Exercise requirements: All of the data should be restated word for word, with the pictures omitted.

Supplied data:
......

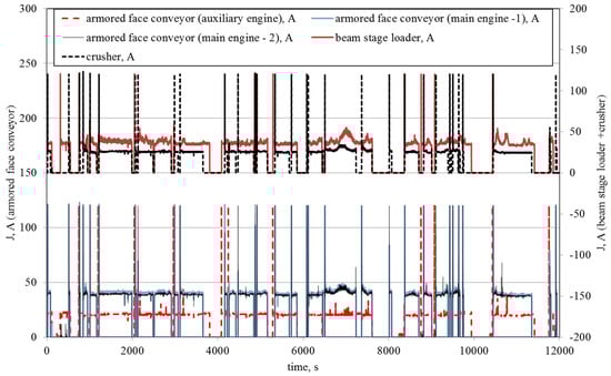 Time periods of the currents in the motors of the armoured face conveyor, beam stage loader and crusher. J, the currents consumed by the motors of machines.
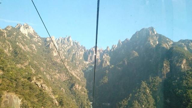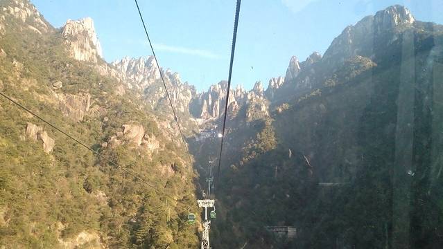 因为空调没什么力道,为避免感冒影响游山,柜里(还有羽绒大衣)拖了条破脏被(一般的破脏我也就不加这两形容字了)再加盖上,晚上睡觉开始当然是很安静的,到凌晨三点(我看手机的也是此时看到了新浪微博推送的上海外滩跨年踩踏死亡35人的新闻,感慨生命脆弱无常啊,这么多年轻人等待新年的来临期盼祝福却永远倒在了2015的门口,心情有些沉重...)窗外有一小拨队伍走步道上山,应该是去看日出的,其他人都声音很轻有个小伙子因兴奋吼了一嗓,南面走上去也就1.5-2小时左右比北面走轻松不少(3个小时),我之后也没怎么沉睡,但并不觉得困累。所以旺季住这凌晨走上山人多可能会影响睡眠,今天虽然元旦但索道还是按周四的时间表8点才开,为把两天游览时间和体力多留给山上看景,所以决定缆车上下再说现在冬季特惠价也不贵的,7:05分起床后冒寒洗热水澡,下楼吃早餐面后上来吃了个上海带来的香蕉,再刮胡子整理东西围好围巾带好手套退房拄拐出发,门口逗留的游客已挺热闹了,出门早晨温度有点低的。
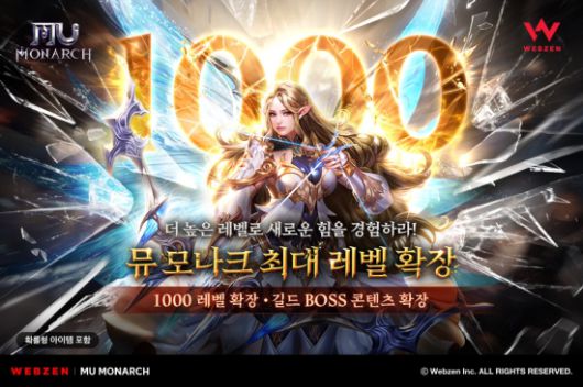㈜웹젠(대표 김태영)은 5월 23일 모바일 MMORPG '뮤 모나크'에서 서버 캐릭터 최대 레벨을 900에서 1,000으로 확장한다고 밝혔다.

......

Result of the task:
 Time periods of the currents in the motors of the armoured face conveyor, beam stage loader and crusher. J, the currents consumed by the motors of machines.
 因为空调没什么力道,为避免感冒影响游山,柜里(还有羽绒大衣)拖了条破脏被(一般的破脏我也就不加这两形容字了)再加盖上,晚上睡觉开始当然是很安静的,到凌晨三点(我看手机的也是此时看到了新浪微博推送的上海外滩跨年踩踏死亡35人的新闻,感慨生命脆弱无常啊,这么多年轻人等待新年的来临期盼祝福却永远倒在了2015的门口,心情有些沉重...)窗外有一小拨队伍走步道上山,应该是去看日出的,其他人都声音很轻有个小伙子因兴奋吼了一嗓,南面走上去也就1.5-2小时左右比北面走轻松不少(3个小时),我之后也没怎么沉睡,但并不觉得困累。所以旺季住这凌晨走上山人多可能会影响睡眠,今天虽然元旦但索道还是按周四的时间表8点才开,为把两天游览时间和体力多留给山上看景,所以决定缆车上下再说现在冬季特惠价也不贵的,7:05分起床后冒寒洗热水澡,下楼吃早餐面后上来吃了个上海带来的香蕉,再刮胡子整理东西围好围巾带好手套退房拄拐出发,门口逗留的游客已挺热闹了,出门早晨温度有点低的。
㈜웹젠(대표 김태영)은 5월 23일 모바일 MMORPG '뮤 모나크'에서 서버 캐릭터 최대 레벨을 900에서 1,000으로 확장한다고 밝혔다.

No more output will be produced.